**What is needed:**
Please reproduce the data exactly and omit the pictures.

**Information shown:**
----------

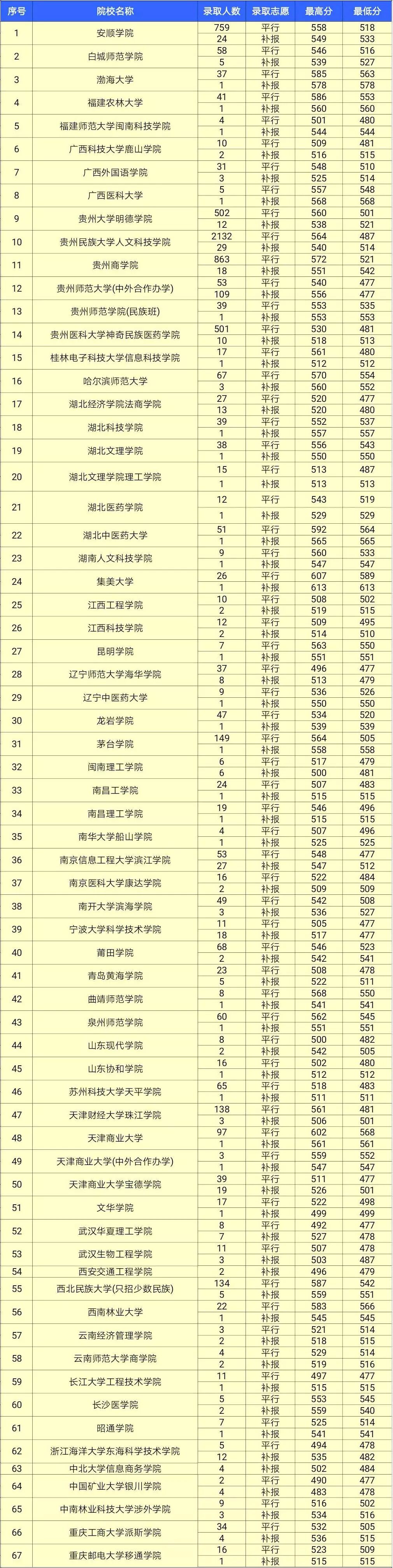 贵州省2018年高考7月30日第二批本科院校录取情况
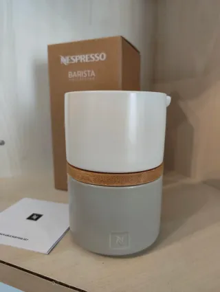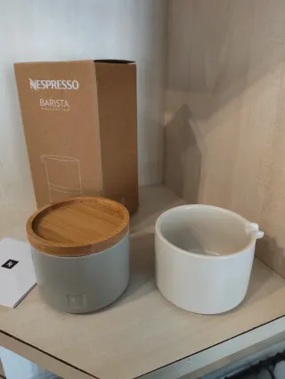 Elegante set Nespresso per servire latte e zucchero. - Componenti impilabili per un facile stoccaggio. - Design moderno con finiture in bambù e ceramica.
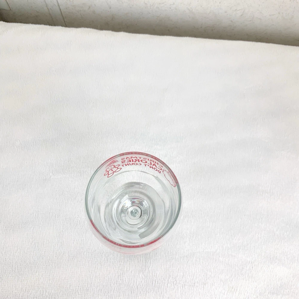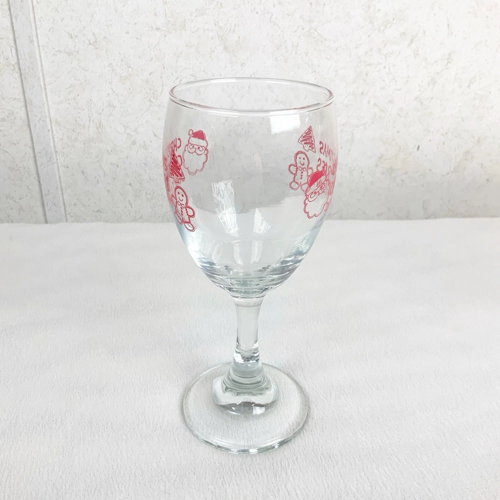 Brand new with tags on the bottom Cristar Set of 4 wine glasses Has Christmas calories don’t count written in red with Santa and gingerbread man 10 oz
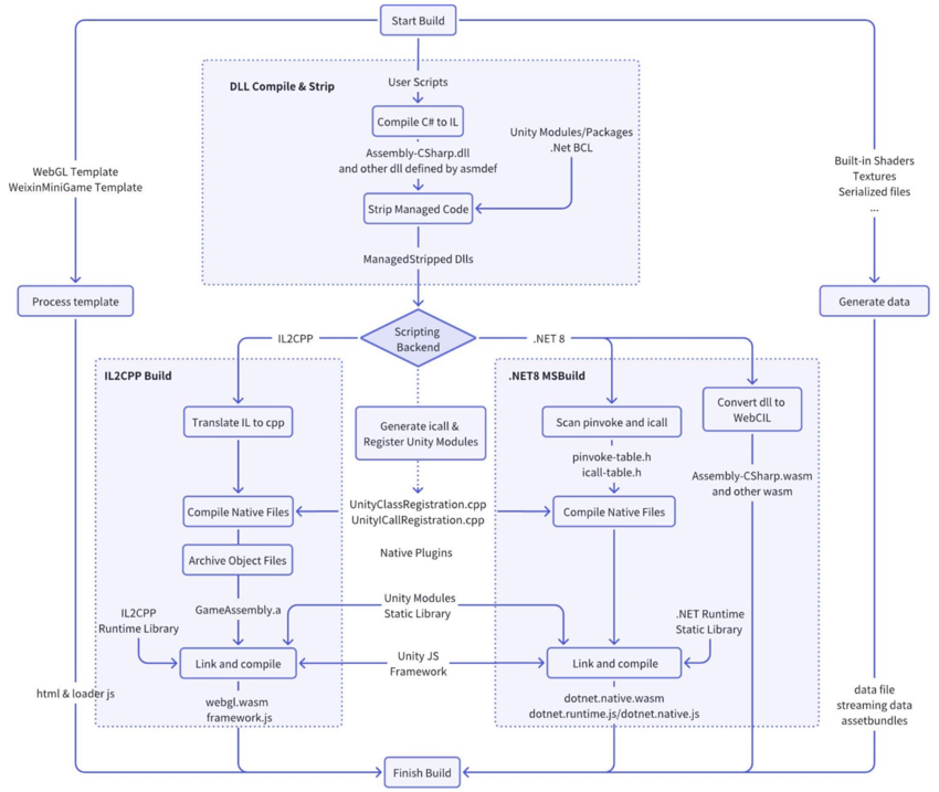 如上图,.NET 8 构建环节与 IL2CPP 基本相同相同,区别主要在构建 Wasm 的方式和产物。下面我们对 DotNet Wasm 方案构建流程逐步展开描述:

----------

**Exercise response:**
 贵州省2018年高考7月30日第二批本科院校录取情况
 Elegante set Nespresso per servire latte e zucchero. - Componenti impilabili per un facile stoccaggio. - Design moderno con finiture in bambù e ceramica.
 Brand new with tags on the bottom Cristar Set of 4 wine glasses Has Christmas calories don’t count written in red with Santa and gingerbread man 10 oz
 如上图,.NET 8 构建环节与 IL2CPP 基本相同相同,区别主要在构建 Wasm 的方式和产物。下面我们对 DotNet Wasm 方案构建流程逐步展开描述:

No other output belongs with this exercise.